Rajinder (Raj) Singh Manhas was born on April 15, 1948, in Paldi, Punjab, India, one of seven children of Daljit Kaur Manhas and Jaswant Singh Manhas. In August, 1947, due to the division of British India, his Sikh farming family were displaced from their land and home in a village named “Chak 14/66” near Syedwala, in the newly proclaimed country of Pakistan. Migrating as refugees to India, the Manhas family settled in a village named Saroya, a village in the Himalayan foothills of northern India, near Garhshanker, in the Punjab region. He spent his early grade school years in his birthplace Paldi, and then graduated from Government High School, Saroya, with distinction and at the top of his class. He completed his pre-engineering at Lyallpur Khalsa College, Jallandar, Punjab, and a degree in aeronautical engineering from Punjab Engineering College, Chandigarh, India. He completed a two-year research and teaching assignment at the same college, and then moved to the United States to complete a master's degree in Industrial Engineering at the University of Washington with a business focus in June 1975. His first job after graduation was at Rainier National Bank (later Security Pacific Bank) in a management consulting role. Later he held various leadership positions at that bank, including his final position as regional manager for internal operations for four states.

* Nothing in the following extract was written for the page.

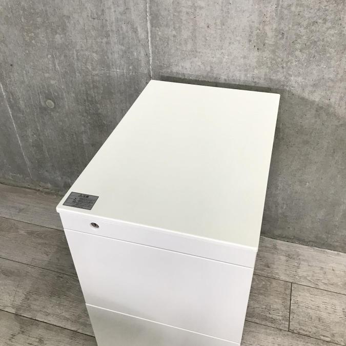 【正面に取っ手が無いフラットなデザイン!キャスター付でレイアウト変更がスムーズ!】■オカムラ(okamura)製 プロユニットシリーズ 3段ワゴン フリアド用ワゴン H650㎜ ■ホワイト ■シリンダー錠 ※キズ・塗装剝がれ有

==Educational leadership==

In October 2003, Raj Manhas was formally hired as Superintendent by the School Board in Seattle, WA. Manhas had served as Interim Superintendent since June 2003, when the School Board had asked him to replace previous superintendent Joseph Olchefske who had resigned following the disclosure of an audit detailing weaknesses in financial management at the district that led to a $34 million budget shortfall over two years. Previous to becoming Superintendent, Manhas had served as Chief Operating Officer for Seattle Public Schools, starting in October, 2001. Over the next four years, Manhas led the School District in facing a series of administrative and financial challenges. He was credited with closing the budget shortfall, balancing the District's annual budget, and returning the District to financial health with $20 million in reserves, as well as focusing the district on what he called "child-centered education." However, his administration was also marked by controversy over plans to close a number of neighborhood schools due to declining enrollment along with rising costs for educating students. He announced his resignation as superintendent in October 2006 and ended his term in June, 2007.

In April 2008, Manhas served as executive director of Seeds of Compassion, a series of events over four days when the Dalai Lama, Archbishop Desmond Tutu, and other influential thinkers including well known brain and social scientists came together for an unprecedented five-day gathering in Seattle to engage the community in an in-depth conversation on compassion. 150,000 attended various events organized by Seeds of Compassion, and 44 million interacted with the Seeds of Compassion online broadcast.

In June 2009, Manhas became Superintendent of North Thurston Public Schools, a school district that provides educational services for Lacey and parts of unincorporated Thurston County, Washington, including students from the Nisqually Tribe Reservation and nearby Joint Base Lewis-McChord. North Thurston is the 23rd largest school district in the state of Washington, with more than 14,000 students. In an interview with the Olympian newspaper at the beginning of his new job, Manhas announced that "one of his goals for the district, besides academic improvement, is to foster a school system that helps students develop socially and emotionally." Over the next seven years, Manhas led the District to improve student academic performance and test scores while persuading local voters to approve a 20-year, $175 million bond measure to remodel five schools and build a new middle school. Manhas retired as Superintendent in June 2016.